Abstract: Click to expand The reconstruction of gene regulatory networks (GRNs) from data is vital in systems biology. Although different approaches have been proposed to infer causality from data, some challenges remain, such as how to accurately infer the direction and type of interactions, how to deal with complex network involving multiple feedbacks, as well as how to infer causality between variables from real-world data, especially single cell data. Here, we tackle these problems by deep neural networks (DNNs). The underlying regulatory network for different systems (gene regulations, ecology, diseases, development) can be successfully reconstructed from trained DNN models. We show that DNN is superior to existing approaches including Boolean network, Random Forest and partial cross mapping for network inference. Further, by interrogating the ensemble DNN model trained from single cell data from dynamical system perspective, we are able to unravel complex cell fate dynamics during preimplantation development. We also propose a data-driven approach to quantify the energy landscape for gene regulatory systems, by combining DNN with the partial self-consistent mean field approximation (PSCA) approach. We anticipate the proposed method can be applied to other fields to decipher the underlying dynamical mechanisms of systems from data.

2024-12-26 @ Rm 1801, Guanghua East Tower [poster]

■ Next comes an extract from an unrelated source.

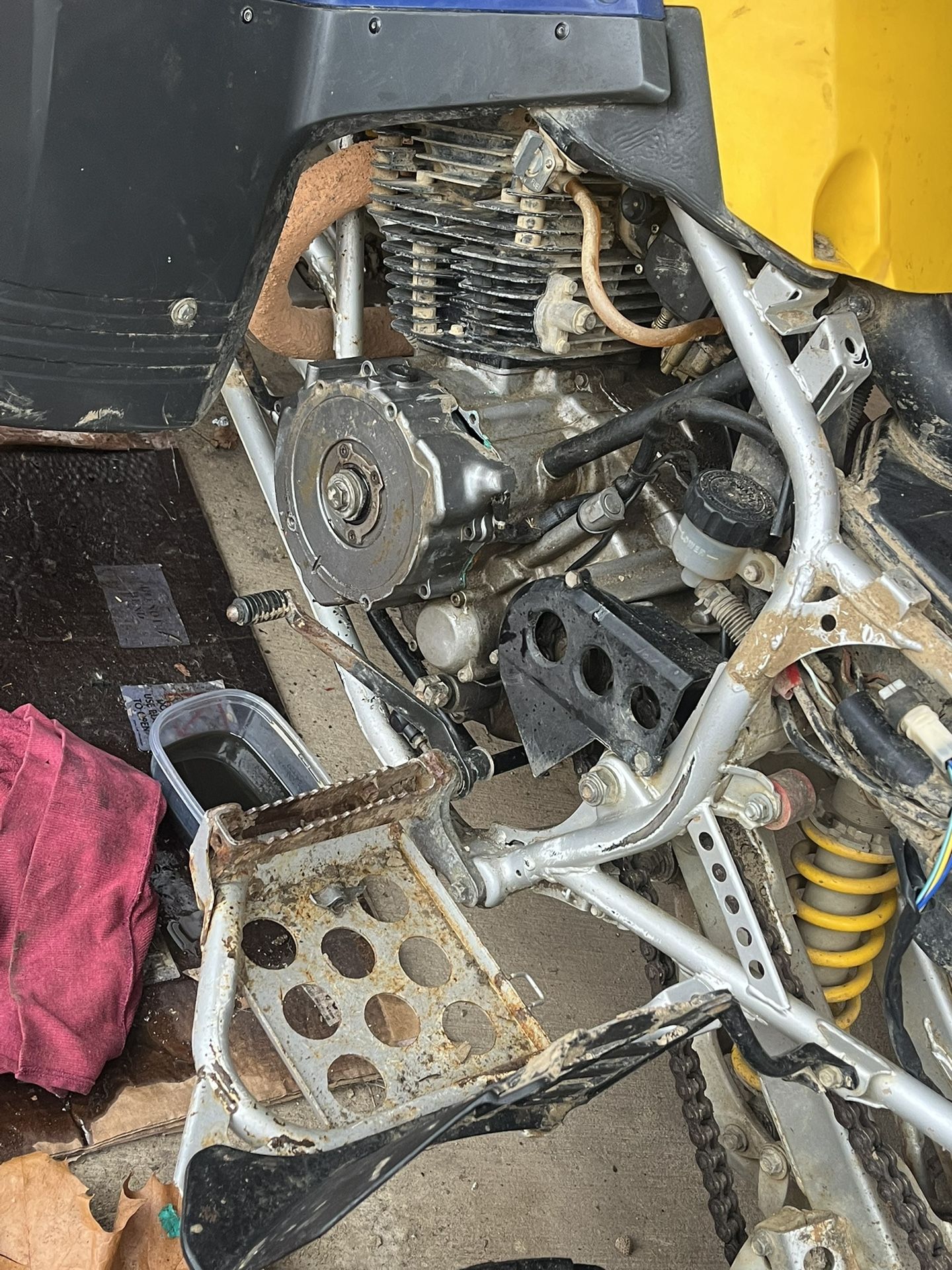 I'm selling this Yamaha Warrior. It was running fine, but now it has no spark. I've already replaced the coil and the CDI, but it still has no spark. It's most likely the stator, but I don't have the tools to fix it. It needs to be repaired.

Abstract: Click to expand In recent work, it has been shown that determining a feedforward ReLU neural network within high uniform accuracy from point samples suffers from the curse of dimensionality in terms of the number of samples needed. As a consequence, feedforward ReLU neural networks are of limited use for applications where guaranteed high uniform accuracy is required. We consider the question of whether the sampling complexity can be improved by restricting the specific neural network architecture. To this end, we investigate invertible residual neural networks which are foundational architectures in deep learning and are widely employed in models that power modern generative methods. Our main result shows that the residual neural network architecture and invertibility do not help overcome the complexity barriers encountered with simpler feedforward architectures. Specifically, we demonstrate that the computational complexity of approximating invertible residual neural networks from point samples in the uniform norm suffers from the curse of dimensionality. Similar results are established for invertible convolutional residual neural networks.

2025-01-02 @ Rm 1801, Guanghua East Tower [poster]

Abstract: Click to expand Preconditioned eigensolvers enable the incorporation of preconditioners for eigenvalue computation, but their convergence analysis is intricate. Even for PINVIT, which targets the smallest eigenvalue of an SPD matrix, Neymeyr’s celebrated analysis is highly nontrivial and only yields convergence if the starting vector is fairly close to the desired eigenvector. While advanced methods like LOBPCG offer significant practical improvements, there remains no theoretical justification for their accelerations. In this talk, we present some recent theoretical advances on preconditioned eigensolvers, including both provable accelerations and improved convergence guarantees. These results are achieved by establishing novel convexity structures of Rayleigh quotients and analyzing the local properties of preconditioners. This talk is based on joint works with Foivos Alimisis (UNIGE), Zhaojun Bai (UC Davis), Wenbin Chen (Fudan), Daniel Kressner (EPFL) and Bart Vandereycken (UNIGE).